I've got tables with millions (possibly billions) of rows, so I really need to be efficient with the query.
In this query, I'm joining multiple tables. The segment in question is:
LEFT JOIN
dbo.GCSOCTPS dbo_GCSOCTPS ON (GC_TBMED.MED_CLASS_NUM = dbo_GCSOCTPS.CLASS_NUM)
AND (GC_TBMED.MED_SOC_NUM = dbo_GCSOCTPS.SOC_NUM)
AND (GC_TBMED.MED_EFF_DATE = dbo_GCSOCTPS.EFF_DATE)
AND (GC_TBMED.MED_CANC_DATE = dbo_GCSOCTPS.CANC_DATE))
GC_TBMED
has dates in DATE
format, dbo_GCSOCTPS
has dates in DATETIME
format. Sadly, due to the way our company uses data, I can't change that.
What would be the most efficient way to compare these columns? CAST
? CONVERT
? I've seen people convert to Text format and compare that way. I'm hoping someone could guide me based on their experience with very large datasets.

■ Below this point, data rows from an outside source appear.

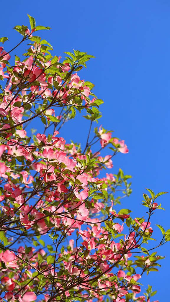 ハナミズキ、青空にくっきり映えて、すっごくきれいです^^ |
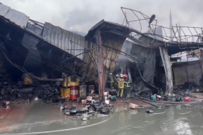 Geriye kalan küle dönmüş dükkanlar dron ile görüntülendi.
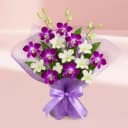 Send your heartfelt sentiments with this stunning harmony of white and purple orchids. Each blossom is a testament to elegance and charm, while the rich purple tones introduce a regal flair. Ideal for celebrations or as a thoughtful gift, this beautiful arrangement is lovingly hand-tied with soft satin ribbon and delicate netting, making it visually captivating. Whether used to commemorate a special date or simply to brighten someone's day, this bouquet will surely convey your genuine affection and appreciation.
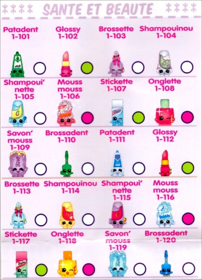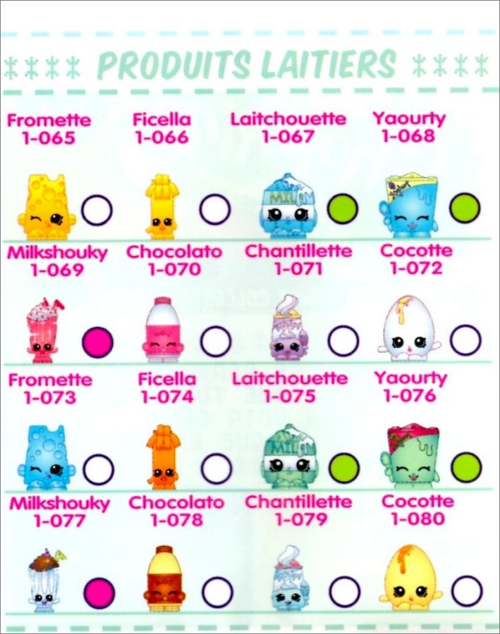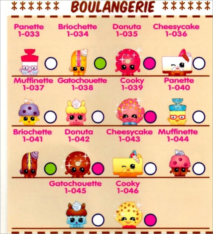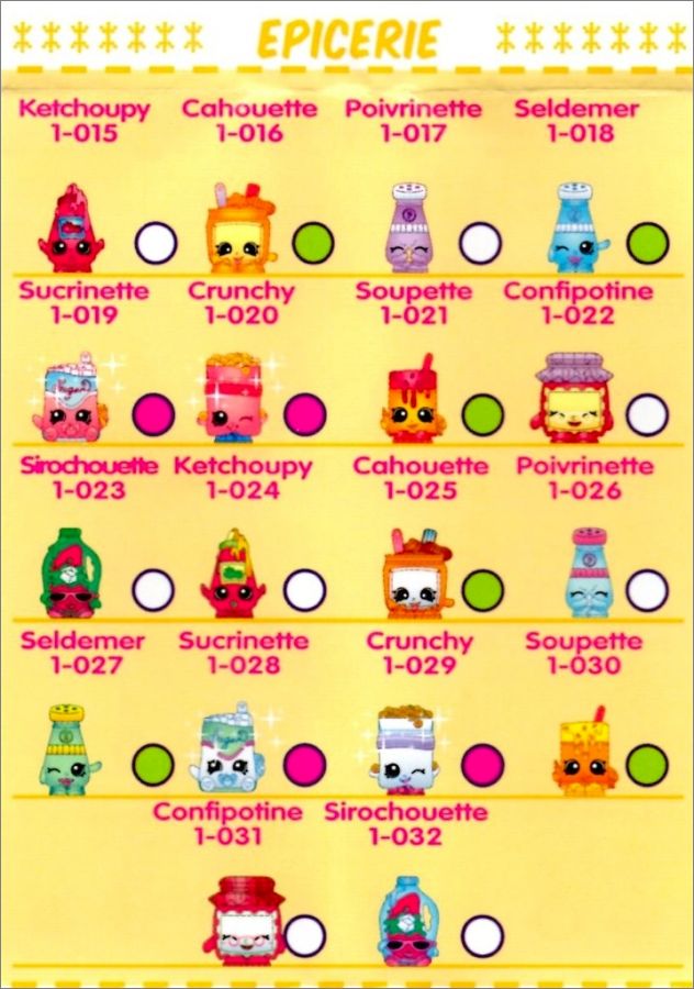 Shopkins rare (rond vert) *rar : Fru3, Fru10, Epi16, Epi18, Epi21, Epi25, Epi27, Epi30, Bou34, Bou41, Con47, Con48, Con49, Con50, Con52, Con54, Con56, Con57, Con58, Con59, Con61, Con63, Lai67, Lai68, Lai75, Lai76, Fet81, Fet82, Fet89, Fet91, Fet92, Fet99, San102, San107, San112, San117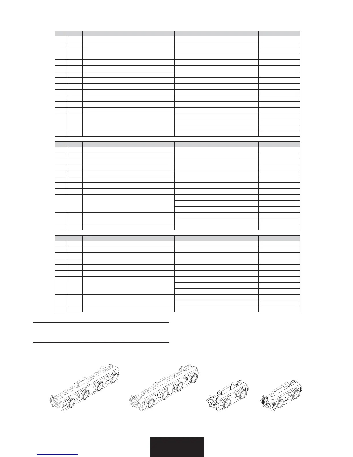 It utilize: 14 DMX channels, 16 bit (mod 3), 11 DMX channels, 8 bit (mod 2) e 9 DMX channels, 8 bit (mod 1).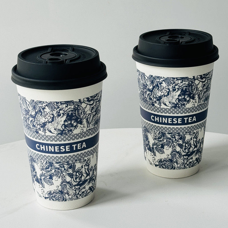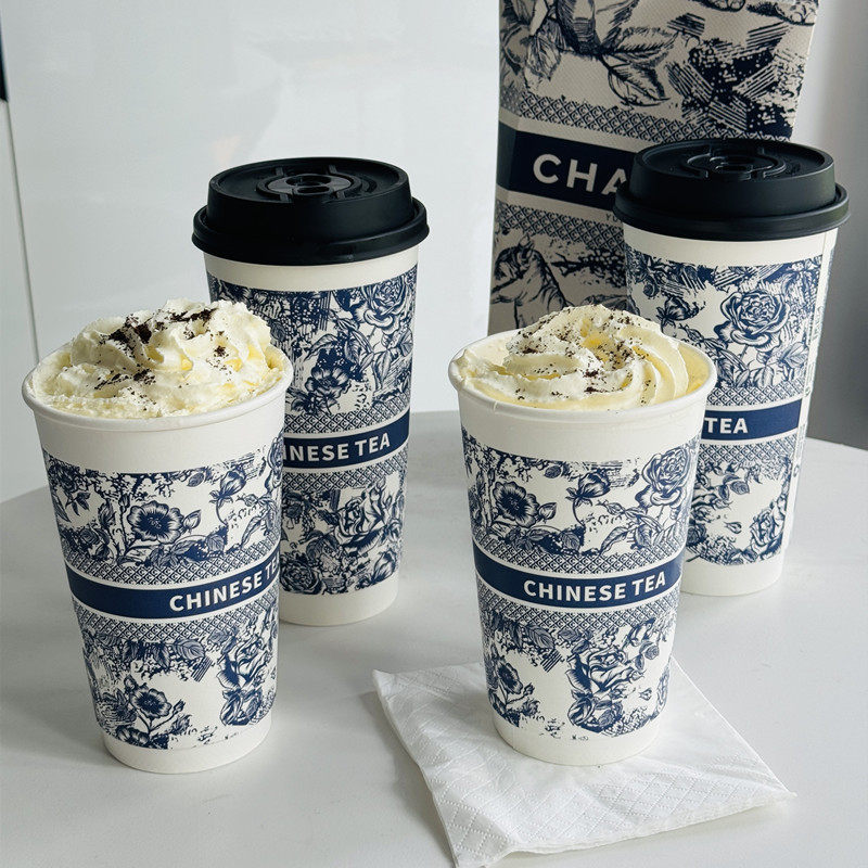 霸王茶姬同款一次性加厚奶茶纸杯中空杯咖啡杯双淋膜冷热杯子带盖

If I run this block of code, I get a value for HDHPQ:
SELECT TOP 200
HDHPQ,
SOC_NUM,
EFF_DATE,
CLASS_NUM,
CANC_DATE
FROM
dbo.GCSOCTPS
WHERE
SOC_NUM = '25521'
AND CLASS_NUM = '37'
AND CANC_DATE IS NULL;
This is returned:
HDHPQ SOC_NUM EFF_DATE CLASS_NUM CANC_DATE
N 25521 2025-01-01 00:00:00.000 37 NULL
If I run this block of code, I get data returned as well:
SELECT TOP 200
MED_SOC_NUM,
MED_EFF_DATE,
MED_CLASS_NUM,
MED_CANC_DATE
FROM
[dbo].[AS_tblTBMED] GC_TBMED
WHERE
GC_TBMED.MED_SOC_NUM = '25521'
AND GC_TBMED.MED_CLASS_NUM = '37'
AND GC_TBMED.MED_CANC_DATE IS NULL;
This gets returned:
MED_SOC_NUM MED_EFF_DATE MED_CLASS_NUM MED_CANC_DATE
25521 2025-01-01 37 NULL
Each of those returns one row. I need to join them so that I get all of the data from the second query and the value of HDHPQ from the first query.
So I run this query:
SELECT DISTINCT TOP 200
dbo_GCSOCTPS.HDHPQ,
dbo_GCSOCTPS.SOC_NUM,
dbo_GCSOCTPS.EFF_DATE,
dbo_GCSOCTPS.CLASS_NUM,
dbo_GCSOCTPS.CANC_DATE,
GC_TBMED.MED_SOC_NUM,
GC_TBMED.MED_EFF_DATE,
GC_TBMED.MED_CLASS_NUM,
GC_TBMED.MED_CANC_DATE
FROM
[dbo].[AS_tblTBMED] GC_TBMED
LEFT JOIN
dbo.GCSOCTPS dbo_GCSOCTPS ON (GC_TBMED.MED_CLASS_NUM = dbo_GCSOCTPS.CLASS_NUM)
AND (GC_TBMED.MED_SOC_NUM = dbo_GCSOCTPS.SOC_NUM)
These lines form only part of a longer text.